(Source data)
————

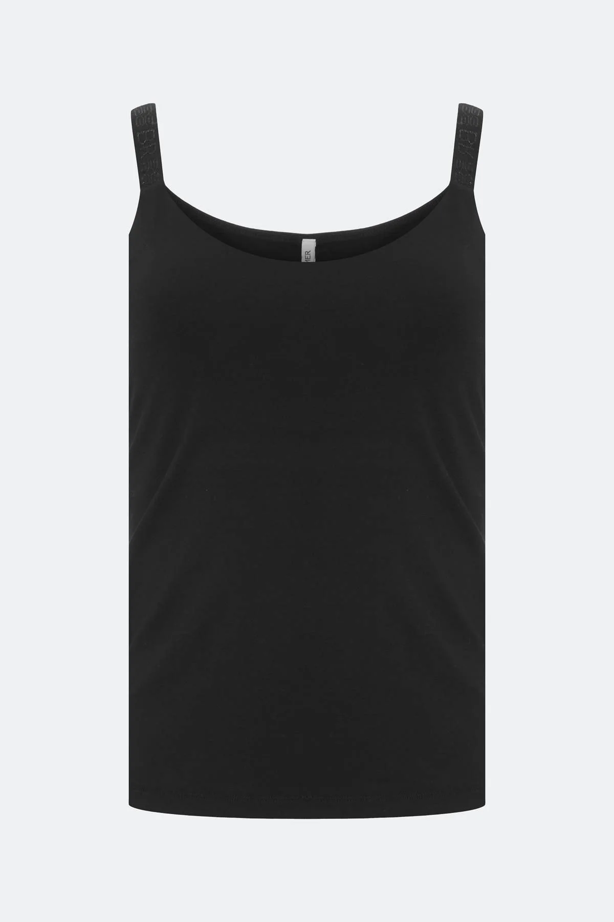 Топ с брендированными бретельками. Приталенный силуэт. Глубокий круглый вырез. В составе бамбуковое волокно и спандекс.
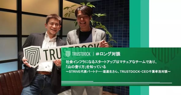 社会インフラになるスタートアップはマチュアなチームであり、「山の登り方」を知っている〜STRIVE代表パートナー・堤達生さん、TRUSTDOCK・CEO千葉孝浩対談〜
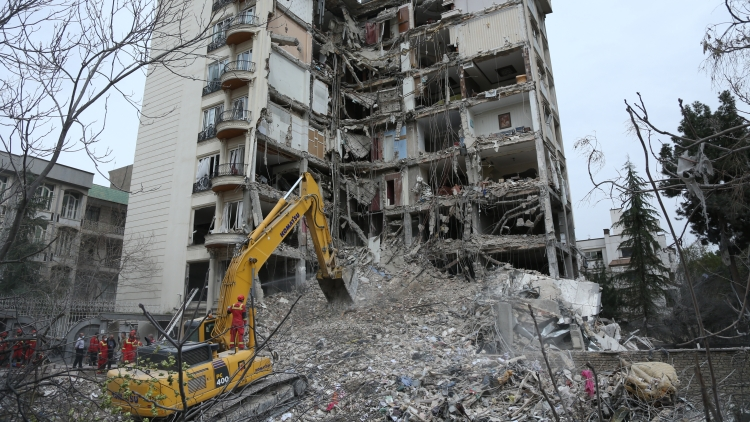 頂圖圖說:3月23日在伊朗德黑蘭一處居民區拍攝的被毀建築,該居民區曾在美以軍事行動中遭受襲擊。(新華社)
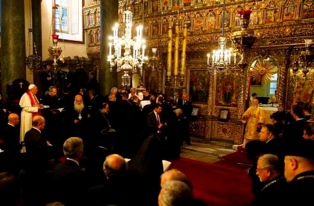 πρός τήν Α.Ἁγιότητα τόν Πάπαν Φραγκίσκον κατά τήν Θείαν Λειτουργίαν τῆς Ἑορτῆς τοῦ Ἀποστόλου Ἀνδρέου ἐν τῷ Πανσέπτῳ Πατριαρχικῷ Ναῷ
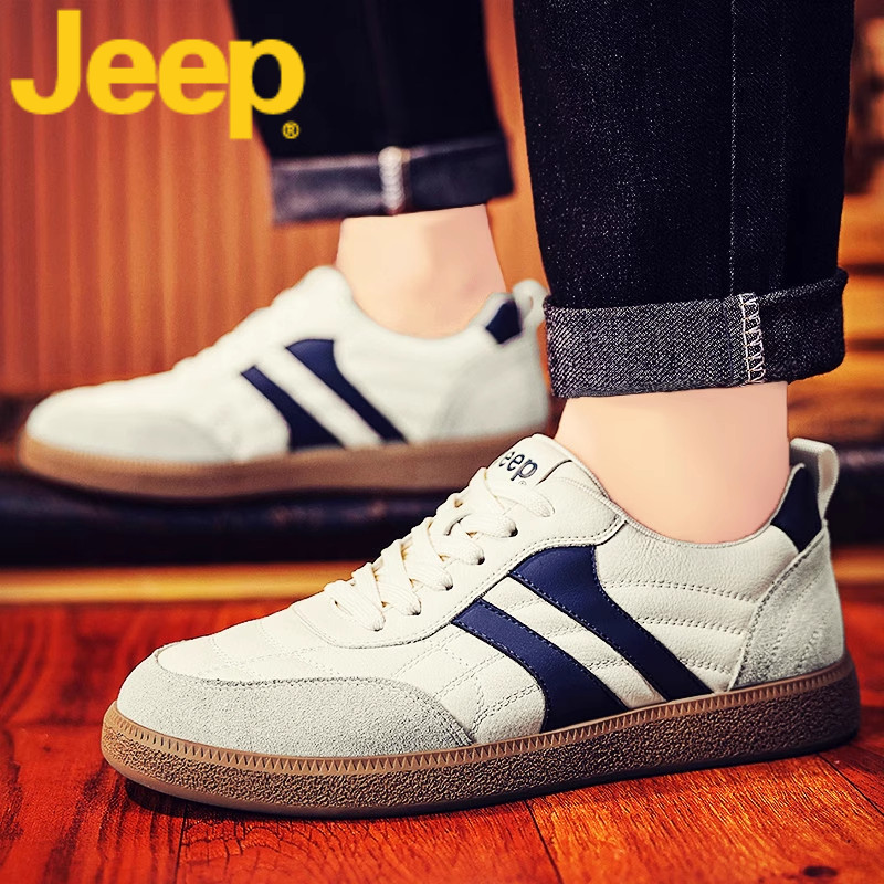 jeep吉普板鞋男款秋季2025新款休闲百搭小白鞋子男士真皮德训男鞋

————

--- DIRECTIONS ---
Write every entry out again exactly, images omitted.

--- RESPONSE TO THE EXERCISE ---
 Топ с брендированными бретельками. Приталенный силуэт. Глубокий круглый вырез. В составе бамбуковое волокно и спандекс.
 社会インフラになるスタートアップはマチュアなチームであり、「山の登り方」を知っている〜STRIVE代表パートナー・堤達生さん、TRUSTDOCK・CEO千葉孝浩対談〜
 頂圖圖說:3月23日在伊朗德黑蘭一處居民區拍攝的被毀建築,該居民區曾在美以軍事行動中遭受襲擊。(新華社)
 πρός τήν Α.Ἁγιότητα τόν Πάπαν Φραγκίσκον κατά τήν Θείαν Λειτουργίαν τῆς Ἑορτῆς τοῦ Ἀποστόλου Ἀνδρέου ἐν τῷ Πανσέπτῳ Πατριαρχικῷ Ναῷ
 jeep吉普板鞋男款秋季2025新款休闲百搭小白鞋子男士真皮德训男鞋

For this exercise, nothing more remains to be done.